Files
sql-scripts/todo clean masking.sql
Schork Thierry (Galenica) 5a4f2784bb sync
2026-01-13 08:14:13 +01:00

402 lines
11 KiB
PL/PgSQL

USE Arizona
/*
1. identify if the duplicate addresses are linked to a persisted or masked address
2. TODO: udpate document_counter with max value of adk_key for type 7 and 8
SELECT dc.*
FROM dbo.Document_counter dc
JOIN ActivePos_read.dbo.CommonVar cv ON cv.[Key] = 'cvCounterADKType7' AND cv.Value = dc.Document_counter_ID
3. delete address_key rows for masked addresses
*/
BEGIN TRANSACTION
SET XACT_ABORT ON;
SET NOCOUNT ON;
IF OBJECT_ID('tempdb..#mask')IS NOT NULL BEGIN;
DROP TABLE #mask;
END;
CREATE TABLE #mask(address_id INT NOT NULL, TT_masking VARCHAR(20) NOT NULL DEFAULT 'MASK')

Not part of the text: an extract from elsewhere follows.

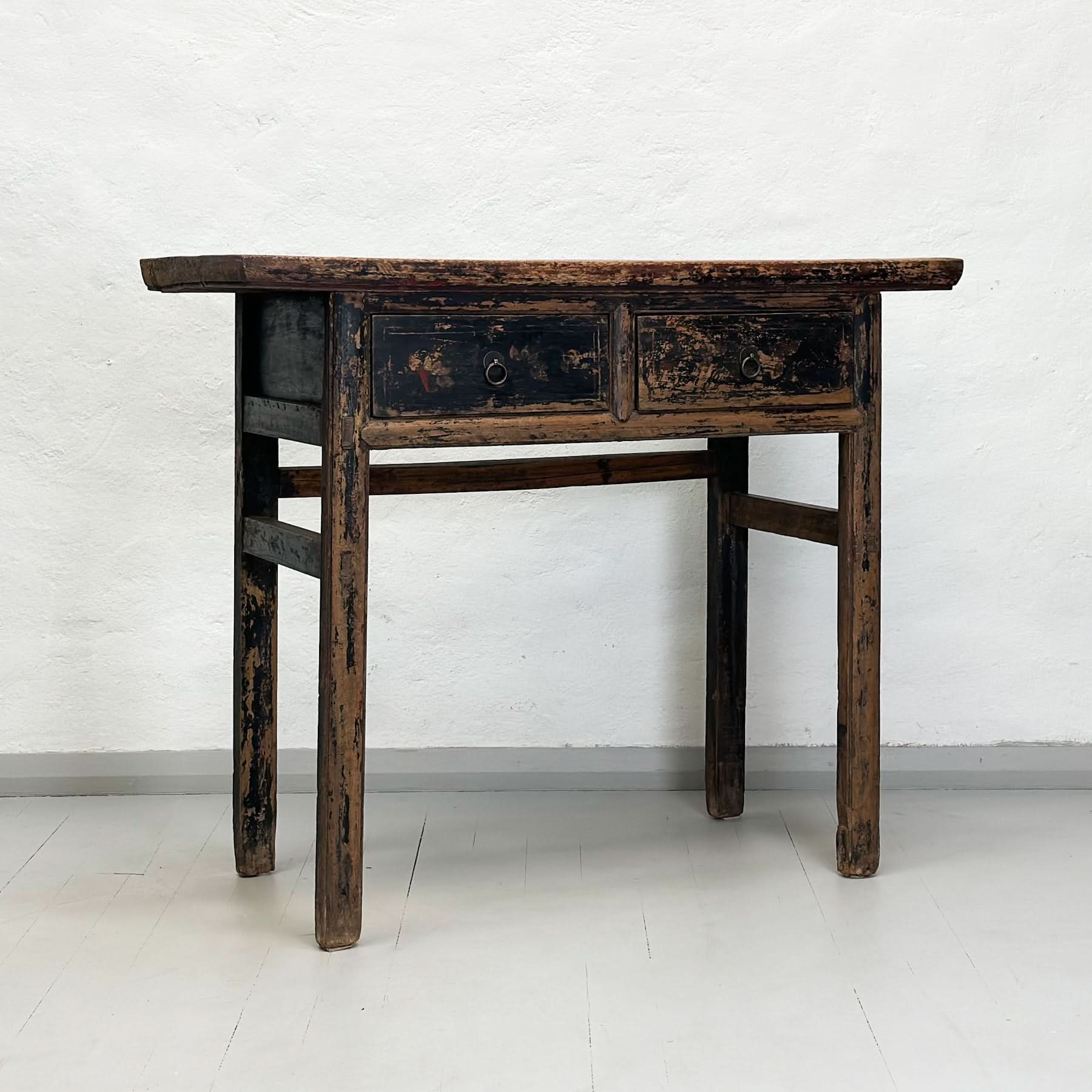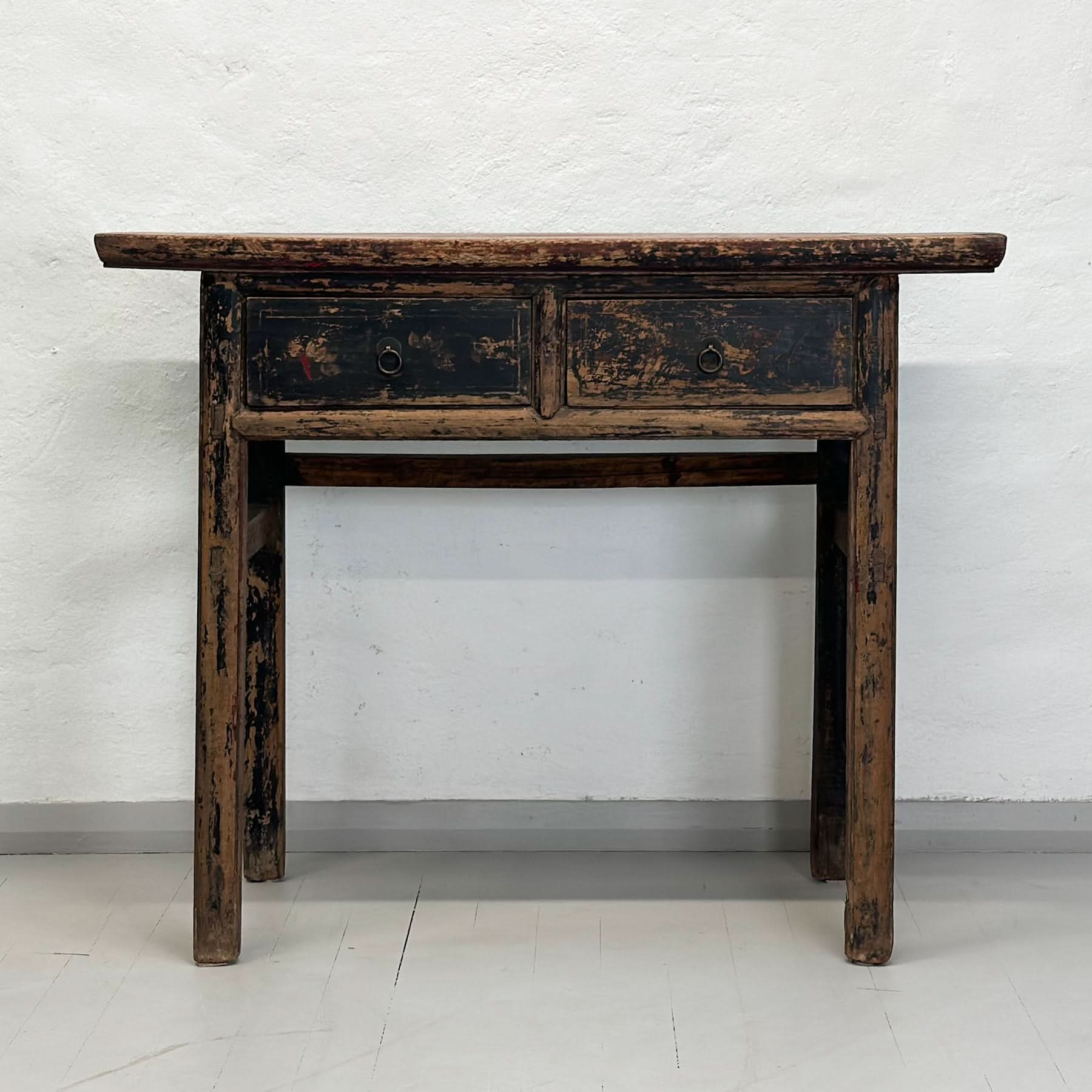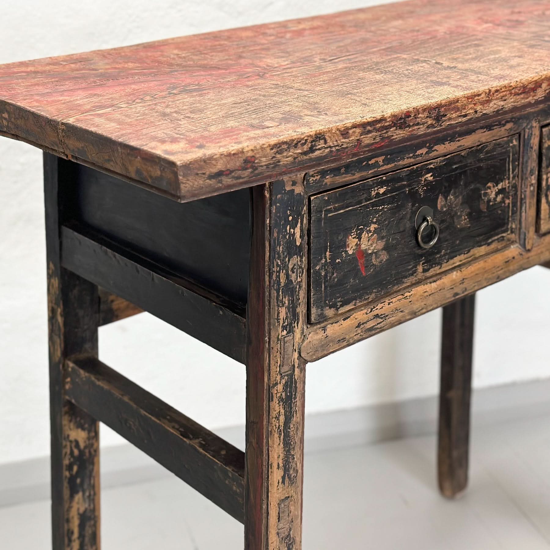 This console has seen a lifetime of use and is showing signs thereof. Used as is for a quirky offbeat piece or paint it in a Chinese red or ochre to give it a contemporary feel.

--fetch duplicate in temp table
INSERT INTO #mask
(
address_id
)
SELECT k.ADK_address
FROM dbo.Address_key k
WHERE k.ADK_type = 7
AND EXISTS(
--get all duplicated adk_key for type 7
SELECT s.ADK_key
FROM dbo.Address_key s
WHERE s.ADK_type=7
AND k.ADK_key = s.ADK_key
GROUP BY s.ADK_subsidiary, s.ADK_key
HAVING COUNT(1)>1
)
--#region flag masked or not address
DECLARE @keywords TABLE(pattern VARCHAR(255) NOT NULL);
INSERT INTO @keywords ([pattern])
SELECT 'TEST %'
UNION SELECT 'Assura%'
UNION SELECT 'PRESCRIPTION%'
UNION SELECT 'RETETE%'
UNION SELECT 'USER%'
UNION SELECT 'ONBOARD%'
UNION SELECT 'SUSPICIOUS%'
UNION SELECT 'DOE'
UNION SELECT 'GIALLO%'
UNION SELECT 'TOLKIEN%'
UNION SELECT 'DEMO %'
UNION SELECT 'demo'
UNION SELECT 'DOCUMEDIS%'
UNION SELECT 'OMNICHANNEL%'
UNION SELECT 'LASTNAME%'
UNION SELECT 'MeiXin%'
UNION SELECT 'DIPLOMATE%'
UNION SELECT 'NO %'
UNION SELECT 'ONLY%'
UNION SELECT 'RDL%'
UNION SELECT 'USER%'
UNION SELECT 'GALEXIS%'
UNION SELECT 'APOS%'
UNION SELECT 'APOSANDMAGENTO%'
UNION SELECT 'Activate'
UNION SELECT 'Sunstore'
UNION SELECT 'Coopvitality'
UNION SELECT 'Ama Plus Sun'
UNION SELECT 'Ama Plus Cvi'
UNION SELECT 'Sun Plus Cvi'
UNION SELECT 'Ama Sun Cvi'
UNION SELECT 'test%[0-9]%'
UNION SELECT 'DEMO'
UNION SELECT '%SUNCLUB%'
UNION SELECT '%QUALITY%'
UNION SELECT '%STARCARD%'
UNION SELECT '%CLIENT%'
UNION SELECT '%MAGENTO%'
UNION SELECT '%RENOUVELLEMENT%'
UNION SELECT '%Mitarbeiter%'
UNION SELECT '% DEV %'
UNION SELECT 'CERN Service%'
UNION SELECT 'BALEXERT CENTRE%'
UNION SELECT 'G.H.O.L.%'
UNION SELECT 'ONLYAPOS%'
UNION SELECT 'In APOS%'
UNION SELECT '%client de passage%'
;
DECLARE @tpl VARCHAR(MAX)='
UPDATE m SET [TT_masking] = ''PERSIST''
FROM dbo.Address ad
JOIN #mask m on m.address_id = ad.address_id
JOIN dbo.Customer cst
ON [cst].[CUST_address] = [ad].[Address_ID]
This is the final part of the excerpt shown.